Check etcd-manager version
Using kubectl:
$ k -n kube-system get pod etcd-manager-main-ip-NODE-IP-ADDRESS -o yaml | grep "image\:"
image: kopeio/etcd-manager:3.0.20200429
According to the releases documentation version 3.0.20200428 brings a fix that renews expiring certificates in the cluster.
However, the implementation of this as noted in github issue #309
Not a perfect fix, if you don’t restart things every now and then, they could still expire. But it’s at least closer and means if you do restart things, it will fix itself.
Rotating expired etcd client certificates
After the etcd-manager running in the cluster is confirmed to be 3.0.20200428 or above, all that’s needed to regenerate the certificates and restore the etcd cluster is restarting the Kubernetes master nodes. You could also restart the etcd main and etcd events pods instead, however we’ll go with restarting the whole EC2 instances.
When the restarted instance comes back up it will start the etcd-main
and etcd-events
pods , which will trigger the startup checks implemented in the etcd-manager
code to check the certificates expiration.
If it finds that the certificates are expiring in 60 days or less, it will regenerate them. You should see the following output in the logs for the etcd-main
and etcd-events
pods:
etcd-manager
...
I1208 08:37:56.019184 12806 main.go:299] Setting data dir to /rootfs/mnt/master-vol-ID
I1208 08:37:56.019648 12806 certs.go:106] existing certificate not valid after 2022-12-08T08:37:05Z; will regenerate
I1208 08:37:56.019655 12806 certs.go:167] generating certificate for "etcd-manager-server-etcd-c"

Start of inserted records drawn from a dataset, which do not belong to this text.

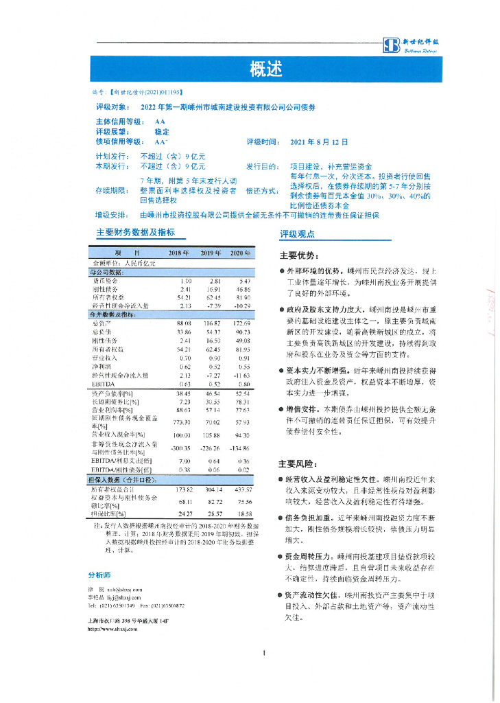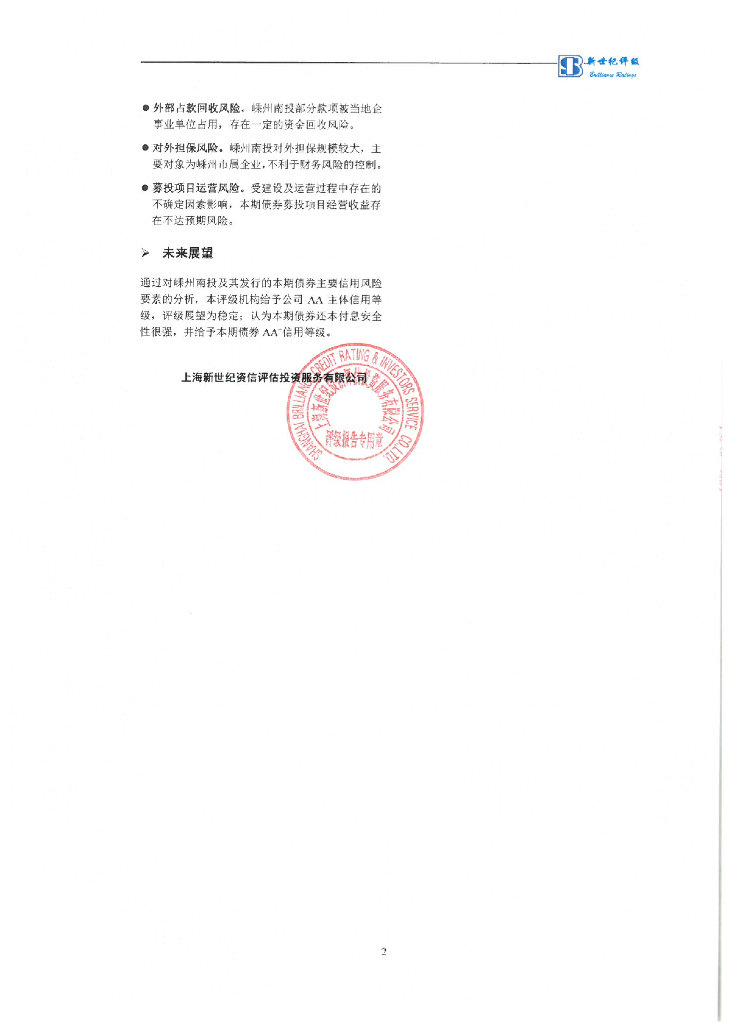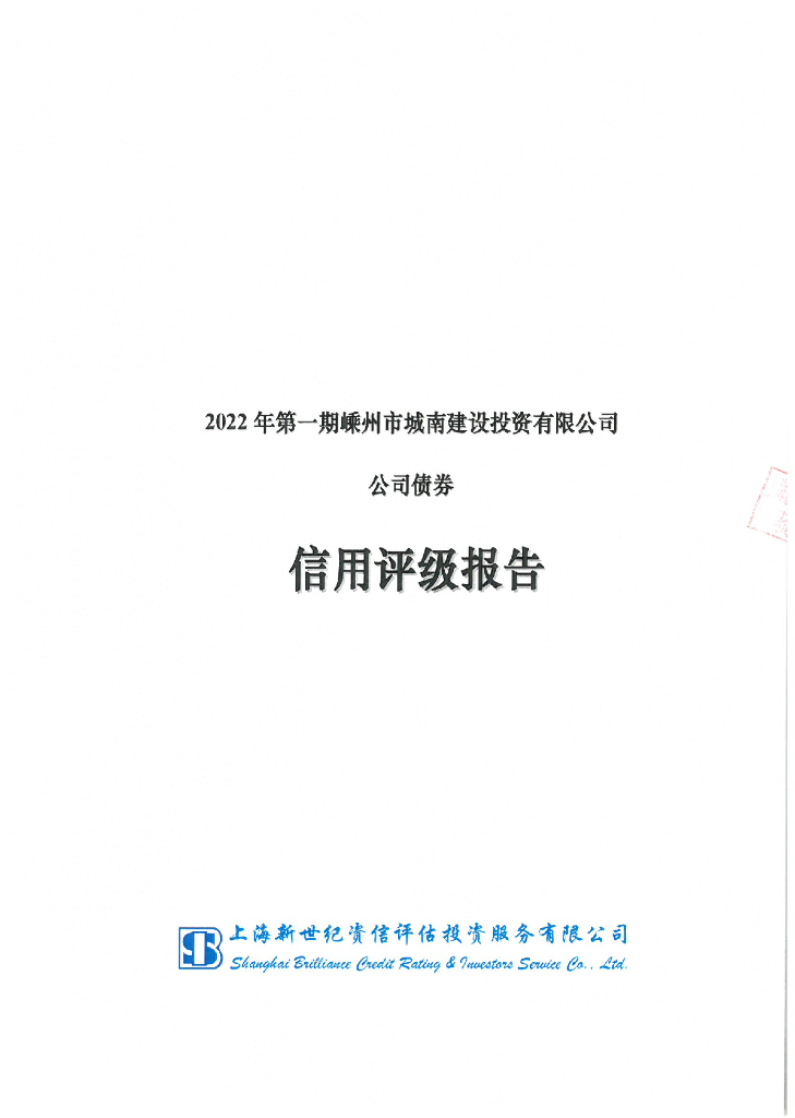 新世纪:2022年第一期嵊州市城南建设投资有限公司公司债券信用评级报告.pdf
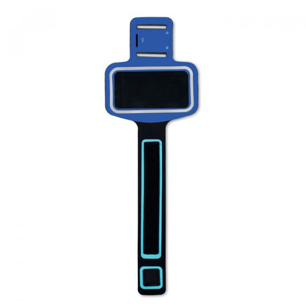 Verstelbare telefoon armband van neonprene met transparante voorzijde van PVC en reflecterende details.
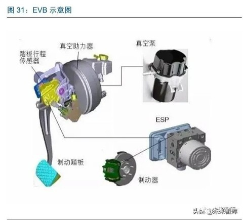 目前主流方案——电子真空助力器( electronic vacuum booster,EVB) +ABS(+ESC):1)早期自动刹车主要由 ESC 完成,ESC 能提供从储存泵中提供刹车力,但 ESC 的缺 点是刹车力度较小(约 0.5g,标准刹车 0.8g),另一方面频繁调用会影响寿命。2)EVB 的出现让自动刹车的主要力量提供由 EVB 提供,通过电子真空泵(EVP)快速抽真空 实现制动力的提供,是现阶段的主流方案。

I1208 08:37:56.023307 12806 certs.go:106] existing certificate not valid after 2022-12-08T08:37:05Z; will regenerate
I1208 08:37:56.023350 12806 certs.go:167] generating certificate for "etcd-manager-client-etcd-c"
...
I1208 08:37:56.032081 12806 pki.go:39] generating peer keypair for etcd: {CommonName:etcd-c Organization:[] AltNames:{DNSNames:[etcd-c.internal.clstrname.k8s.local] IPs:[127.0.0.1]} Usages:[2 1]}
I1208 08:37:56.032340 12806 certs.go:106] existing certificate not valid after 2022-12-08T08:37:05Z; will regenerate
I1208 08:37:56.032346 12806 certs.go:167] generating certificate for "etcd-c"
I1208 08:37:56.041521 12806 pki.go:79] building client-serving certificate: {CommonName:etcd-c Organization:[] AltNames:{DNSNames:[etcd-c.internal.clstrname.k8s.local etcd-c.internal.clstrname.k8s.local] IPs:[127.0.0.1 127.0.0.1]} Usages:[1 2]}
I1208 08:37:56.041786 12806 certs.go:106] existing certificate not valid after 2022-12-08T08:37:05Z; will regenerate
I1208 08:37:56.041795 12806 certs.go:167] generating certificate for "etcd-c"

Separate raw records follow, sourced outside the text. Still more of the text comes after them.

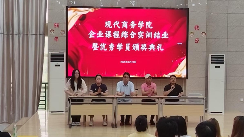6月23日下午,安慶職業(yè)技術(shù)學(xué)院現(xiàn)代商務(wù)學(xué)院舉行上半年企業(yè)綜合實訓(xùn)課程結(jié)業(yè)暨優(yōu)秀學(xué)員頒獎典禮?,F(xiàn)代商務(wù)學(xué)院院長金啟勝,安徽云霽電商公司負(fù)責(zé)人、安徽省產(chǎn)業(yè)教授汪義德,學(xué)院教學(xué)工作負(fù)責(zé)人、學(xué)生工作負(fù)責(zé)人、教師代表以及參加本次實訓(xùn)課程的全體學(xué)生共同出席。該院學(xué)生工作負(fù)責(zé)人主持。
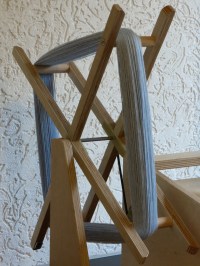 Alternativ kann auch der ganze Strang von der Haspel abgenommen werden (zum Beispiel um die Wolle zu drallberuhigen)
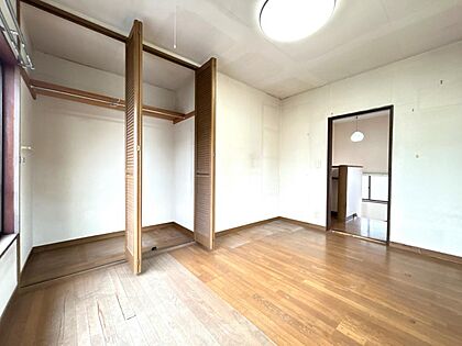 【内外装リフォーム予定】2階東側洋室のの写真です。クロスの張替え、フローリングの重ね張り、照明交換を行います。
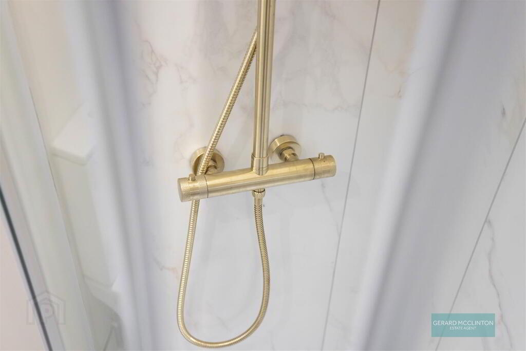 New suite comprising newly installed double glazed window to front, new tile floor, new shower cubicle with tiled walls, thermostatic shower with oversized rain style shower and separate hand shower attachment, close coupled WC, wash handbasin with fluted vanity unit, wall mounted mirror, spotlights, extractor fan
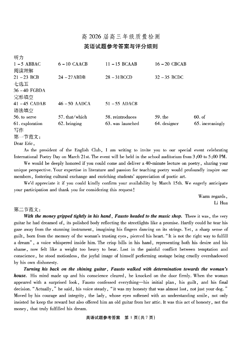 重庆市南开中学高2026届高三第六次质量检测 英语答案.pdf
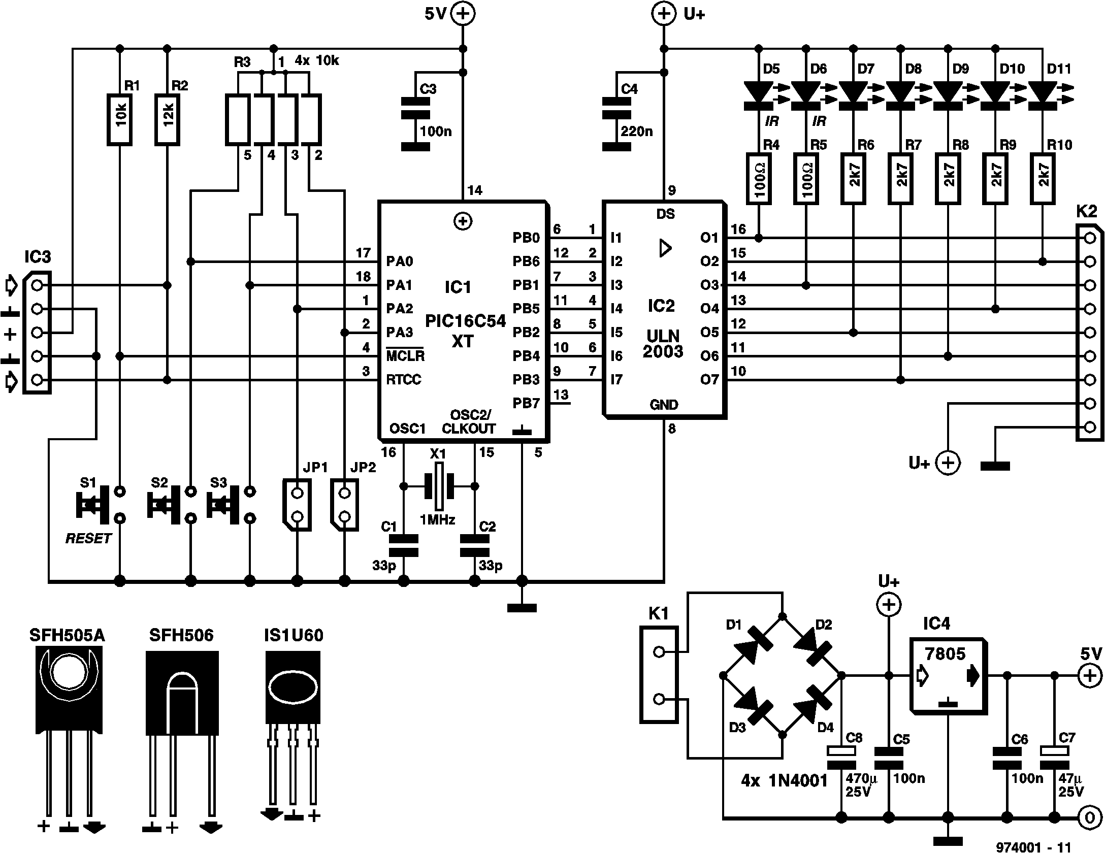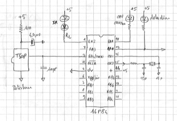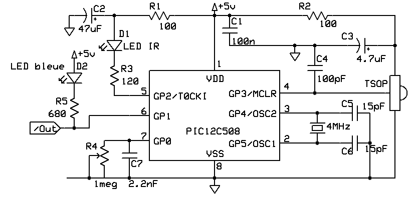 Le schéma est simple et direct. Il a été conçu pour un PIC16C84/F84/F84A, mais dans le but d'être à terme compatible d'un portage sur PIC12C508/C509. Les LED sont directement alimentées par le PIC en profitant de l'excellente capacité en courant des sorties au niveau bas. Dans cet état, chaque sortie présente une résistance équivalente de l'ordre de 33 Ohms, jusqu'à des courants de l'ordre de 50 mA.

I1208 08:37:56.499683 12806 certs.go:167] generating certificate for "etcd-manager-etcd-c"
...
I1208 08:37:56.753268 12806 certs.go:167] generating certificate for "etcd-c"
This needs to be done on all Kubernetes master nodes/etcd pods.
Fix not working Prometheus monitoring after cert rotation
Prometheus Operator relies on a predefined secret containing etcd client certificates, key and etcd CA cert. It’s pre-configured here. However this secret is not updated automatically with the newly generated certs by the etcd-manager
and needs to be done manually.
The easiest way for this is to ssh into one of the Kubernetes master nodes and run the following command, but first you need to delete the old secret containing the old etcd client certs:
$ kubectl -n monitoring delete secret etcd-certs
Next, recreate the secret but this time including the newly generated certificates:
$ kubectl -n monitoring create secret generic etcd-certs --from-file=ca.crt=/etc/kubernetes/pki/kube-apiserver/etcd-ca.crt --from-file=client.crt=/etc/kubernetes/pki/kube-apiserver/etcd-client.crt --from-file=client.key=/etc/kubernetes/pki/kube-apiserver/etcd-client.key
* replace namespace and secret name accordingly
The only thing left is to restart the Prometheus pod so that it mounts the newly created secret containing your renewed etcd client certificates.